- Exercise brief:
Restate all of the following data exactly, keeping any images out of the copy.

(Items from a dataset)
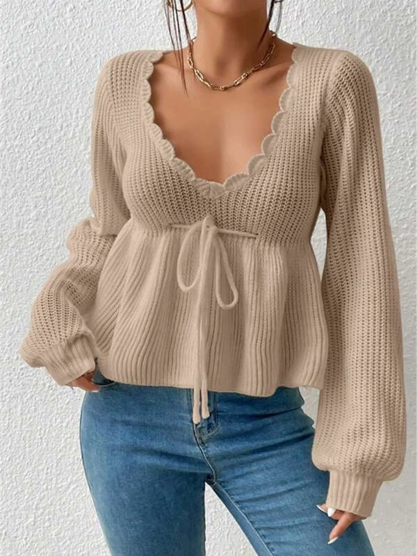 Scalloped V-Neck Drawstring Knit Top
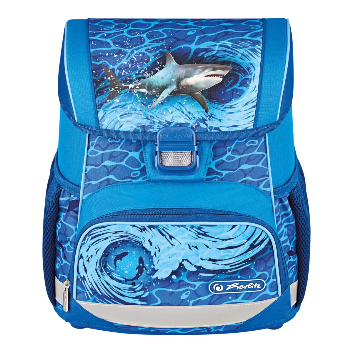 Ergonomicky tvarované a prodyšné polstrování zad, nastavitelné ramenní popruhy, výškově nastavitelný hrudní pás, hlavní kapsa s prostorem pro knihy, boční kapsy s elastickými pásky, přední kapsa na zip, stabilní spodní deska s nožičkami, pohodlná rukojeť, zavírání Click lock s odrazkou, reflexní materiály Oralite.
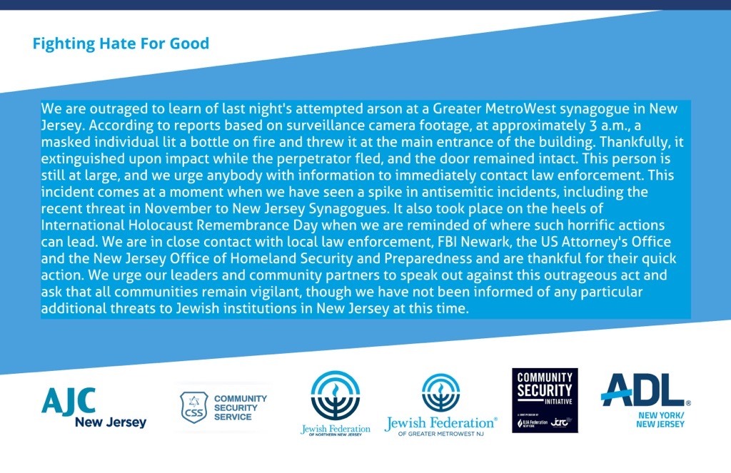 NJ Attorney General Matt Platkin said: “The Office of the Attorney General is aware of the attempted arson at a synagogue in Essex County that occurred in the early morning hours today. My office is working closely with local, county, state and federal law enforcement agencies, to identify and apprehend the suspect in this attack. Our investigation remains ongoing.
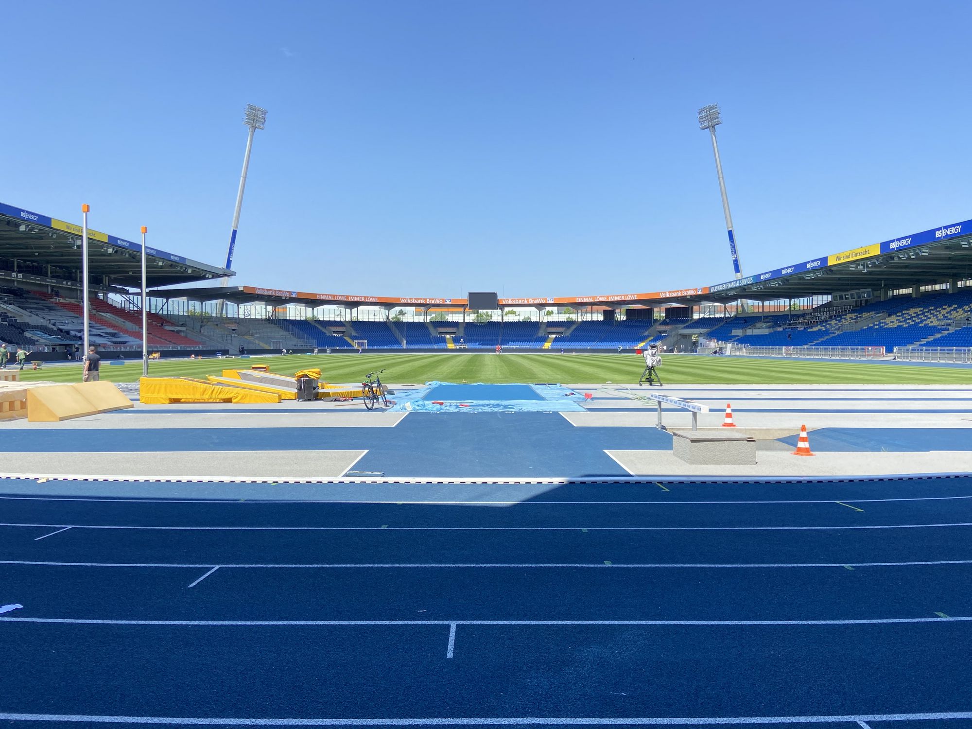 jg – Die letzten Vorbereitungen der 121. Deutschen Meisterschaften im Braunschweiger Eintracht-Stadion laufen auf Hochtouren. Eine Sprunggrube für die Weit- und Dreispringer wurde in den vergangenen Tagen parallel zur Gegengeraden extra errichtet, da das Stadion über keine herkömmliche Sprunganlage verfügt.
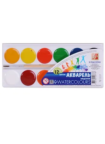 Краски акварельные 12 цветов "Классика" пластиковая упаковка, с кисточкой, Луч
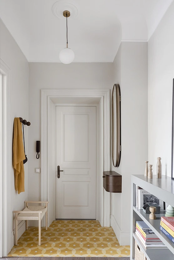 Такую плитку в основном применяют локально: например, для зонирования прихожей или кухни-гостиной или в маленьком помещении. Геометрия хорошо сочетается с черно-белой палитрой и однотонной отделкой стен. Если же вы делаете яркий пол, поддержите его цвет в небольших деталях.
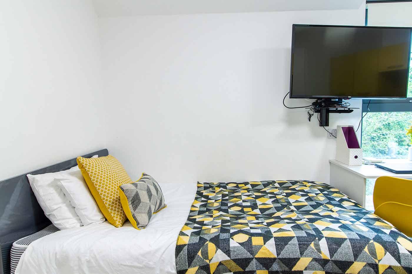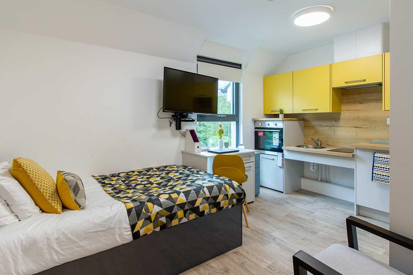 公寓提供2b Ensuite和Studio 房型。2b ensuite 房型独立卫浴、共用厨房,是喜欢社交的学生的最佳选择;Studio房型独立卫浴、独立厨房,为学生提供更私密和自在的个人空间。 房间配有双人床、书桌椅、衣柜、穿衣镜等,有充足的储物空间。厨房配有灶台、冰箱、烤箱等。
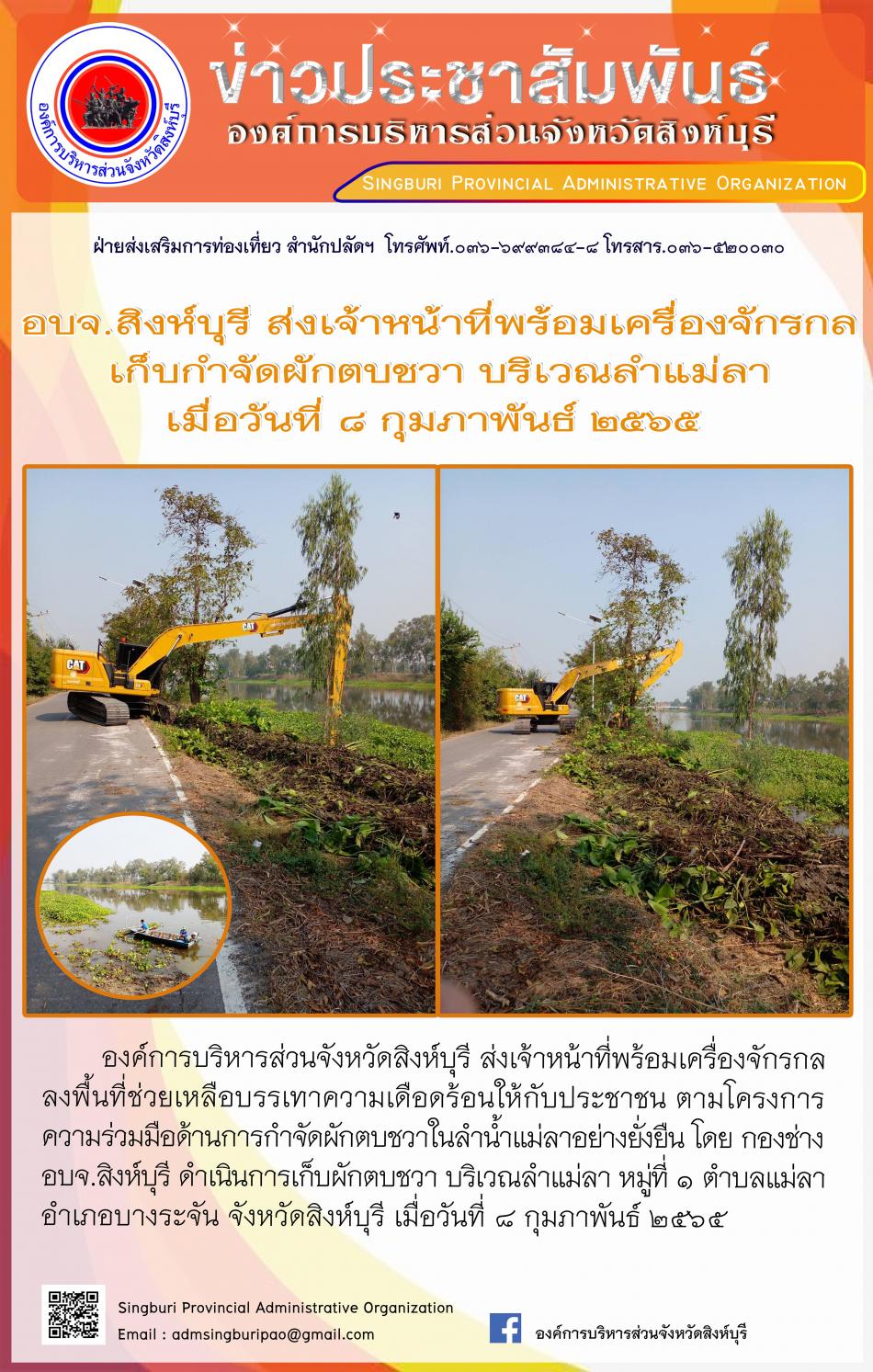 อบจ.สิงห์บุรี ส่งเจ้าหน้าที่พร้อมเครื่องจักรกล เก็บกำจัดผักตบชวา บริเวณลำแม่ลา [8 กุมภาพันธ์ 2565]
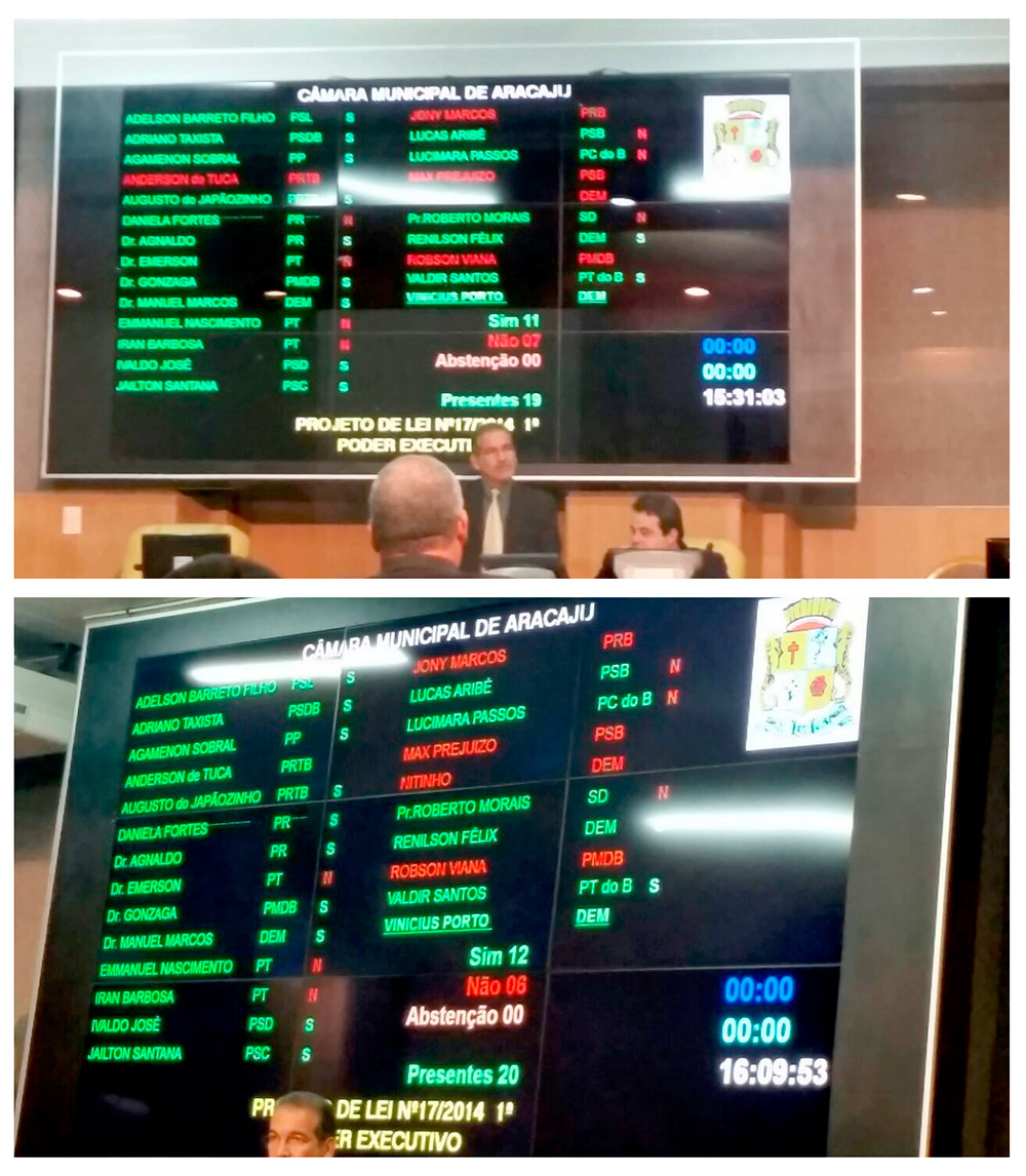 Por se tratar de matéria tributária, seria necessário o mínimo de 13 votos para aprovação. Na primeira discussão, com o voto contrário de Daniela Fortes, o projeto obteve 11 votos favoráveis e sete contrários. O Sim de Daniela, ainda na primeira votação, aumentou para 12 e o bloco governista acabou vitorioso com a chegada de última hora do vereador Anderson de Tuca, que chegou quando o processo de votação ainda estava em tramitação.
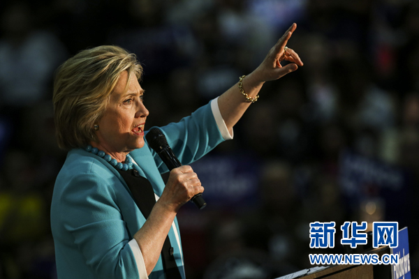 5月5日,在美国加利福尼亚州洛杉矶的东洛杉矶大学,希拉里·克林顿向支持者演讲。新华社发
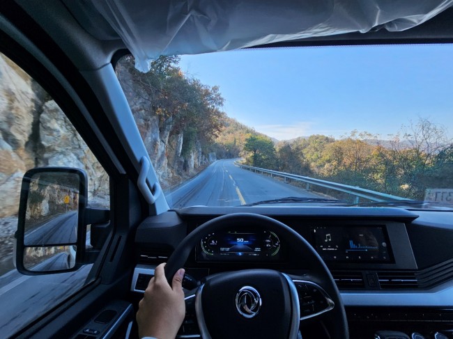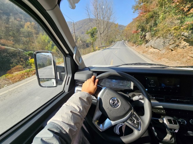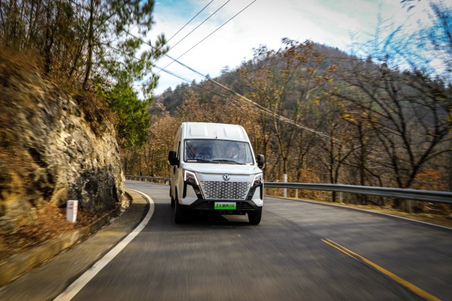 此次路線是從東風(fēng)新能源商用車陣地工廠出發(fā),到香水河景區(qū),全程下道108km,往返就是216km,再加上去封閉試車道路的里程大致在250km左右。其實(shí)對于電動車而言,駕駛感還是要比油車輕盈的,因?yàn)殡婒?qū)橋的緣故,這輛車沒有傳動軸,所以在動力響應(yīng)上更加及時(shí),再者商用車的電動機(jī)相對來說輸出比較線性,起步和加速都很快。

- Final answer:
 Scalloped V-Neck Drawstring Knit Top
 Ergonomicky tvarované a prodyšné polstrování zad, nastavitelné ramenní popruhy, výškově nastavitelný hrudní pás, hlavní kapsa s prostorem pro knihy, boční kapsy s elastickými pásky, přední kapsa na zip, stabilní spodní deska s nožičkami, pohodlná rukojeť, zavírání Click lock s odrazkou, reflexní materiály Oralite.
 NJ Attorney General Matt Platkin said: “The Office of the Attorney General is aware of the attempted arson at a synagogue in Essex County that occurred in the early morning hours today. My office is working closely with local, county, state and federal law enforcement agencies, to identify and apprehend the suspect in this attack. Our investigation remains ongoing.
 jg – Die letzten Vorbereitungen der 121. Deutschen Meisterschaften im Braunschweiger Eintracht-Stadion laufen auf Hochtouren. Eine Sprunggrube für die Weit- und Dreispringer wurde in den vergangenen Tagen parallel zur Gegengeraden extra errichtet, da das Stadion über keine herkömmliche Sprunganlage verfügt.
 Краски акварельные 12 цветов "Классика" пластиковая упаковка, с кисточкой, Луч
 Такую плитку в основном применяют локально: например, для зонирования прихожей или кухни-гостиной или в маленьком помещении. Геометрия хорошо сочетается с черно-белой палитрой и однотонной отделкой стен. Если же вы делаете яркий пол, поддержите его цвет в небольших деталях.
 公寓提供2b Ensuite和Studio 房型。2b ensuite 房型独立卫浴、共用厨房,是喜欢社交的学生的最佳选择;Studio房型独立卫浴、独立厨房,为学生提供更私密和自在的个人空间。 房间配有双人床、书桌椅、衣柜、穿衣镜等,有充足的储物空间。厨房配有灶台、冰箱、烤箱等。
 อบจ.สิงห์บุรี ส่งเจ้าหน้าที่พร้อมเครื่องจักรกล เก็บกำจัดผักตบชวา บริเวณลำแม่ลา [8 กุมภาพันธ์ 2565]
 Por se tratar de matéria tributária, seria necessário o mínimo de 13 votos para aprovação. Na primeira discussão, com o voto contrário de Daniela Fortes, o projeto obteve 11 votos favoráveis e sete contrários. O Sim de Daniela, ainda na primeira votação, aumentou para 12 e o bloco governista acabou vitorioso com a chegada de última hora do vereador Anderson de Tuca, que chegou quando o processo de votação ainda estava em tramitação.
 5月5日,在美国加利福尼亚州洛杉矶的东洛杉矶大学,希拉里·克林顿向支持者演讲。新华社发
 此次路線是從東風(fēng)新能源商用車陣地工廠出發(fā),到香水河景區(qū),全程下道108km,往返就是216km,再加上去封閉試車道路的里程大致在250km左右。其實(shí)對于電動車而言,駕駛感還是要比油車輕盈的,因?yàn)殡婒?qū)橋的緣故,這輛車沒有傳動軸,所以在動力響應(yīng)上更加及時(shí),再者商用車的電動機(jī)相對來說輸出比較線性,起步和加速都很快。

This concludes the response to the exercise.